STORED DATA:
-----

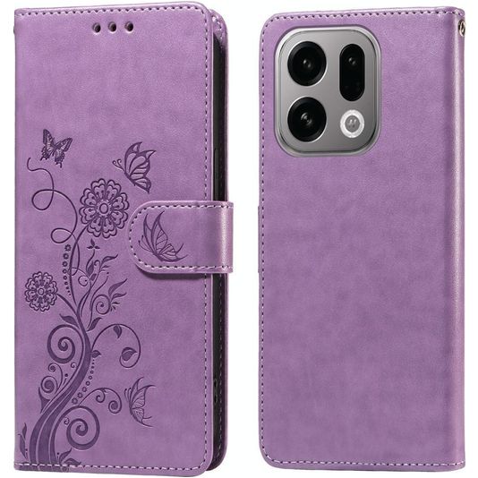 Mobigear Flowers OPPO Find X9 Hülle Klapphülle Geldbörse - Lila
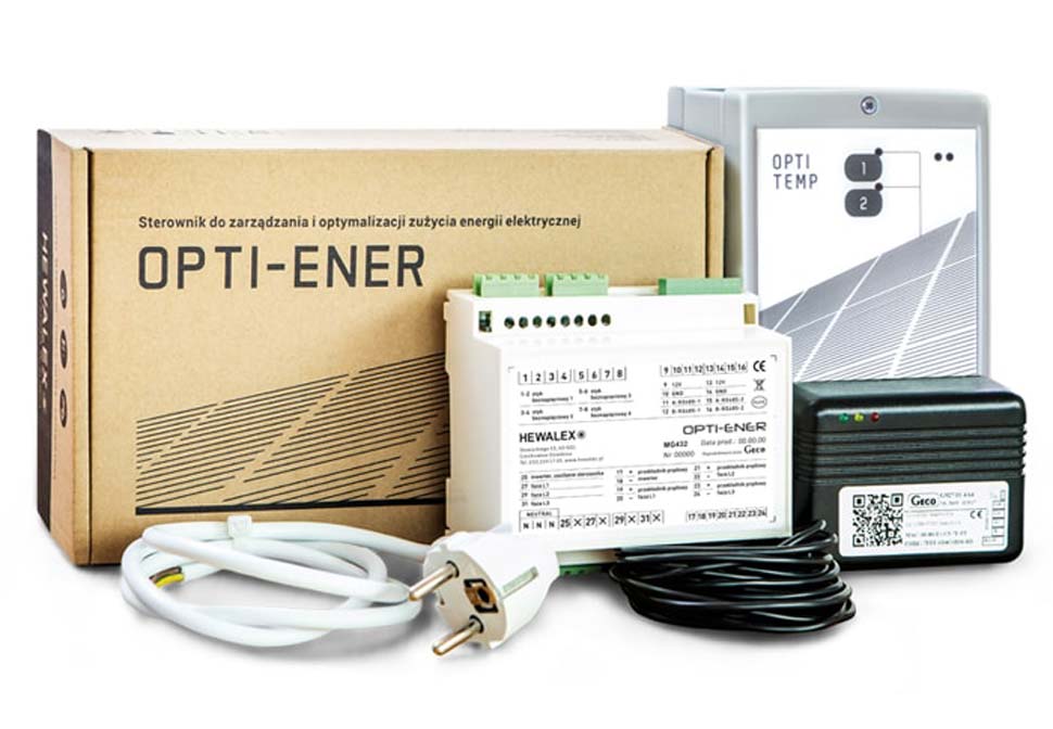 OPTI-ENER to jedyne dostępne rozwiązanie na rynku zgodne z ustawą OZE. W jego skład wchodzą zwykle główny moduł OPTI-ENER oraz Modem EKO-LAN, pozwalający na zdalną obsługę. System wspiera wszystkich tych, którym zależy na oszczędnościach. Daje unikalną szansę na kontrolę zużycia prądu w domu, pozwala decydować o oddawanej do sieci nadwyżce energii i jeszcze bardziej usprawnić działanie instalacji fotowoltaicznej.
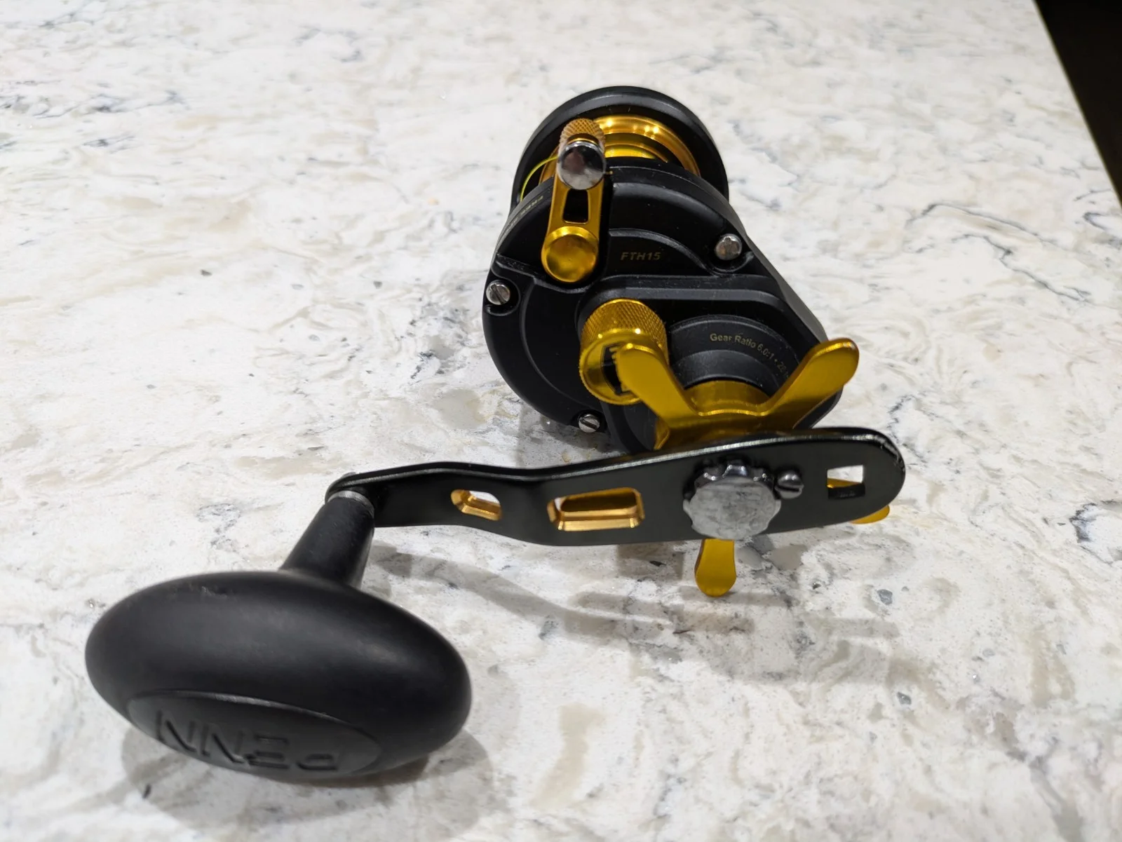 Penn Fathom II.15. Black/Gold Star Drag Bait Casting Reel.

-----

WHAT YOU ARE ASKED TO DO: Retype the whole listing exactly. Do not include the pictures.

WRITTEN SOLUTION:
 Mobigear Flowers OPPO Find X9 Hülle Klapphülle Geldbörse - Lila
 OPTI-ENER to jedyne dostępne rozwiązanie na rynku zgodne z ustawą OZE. W jego skład wchodzą zwykle główny moduł OPTI-ENER oraz Modem EKO-LAN, pozwalający na zdalną obsługę. System wspiera wszystkich tych, którym zależy na oszczędnościach. Daje unikalną szansę na kontrolę zużycia prądu w domu, pozwala decydować o oddawanej do sieci nadwyżce energii i jeszcze bardziej usprawnić działanie instalacji fotowoltaicznej.
 Penn Fathom II.15. Black/Gold Star Drag Bait Casting Reel.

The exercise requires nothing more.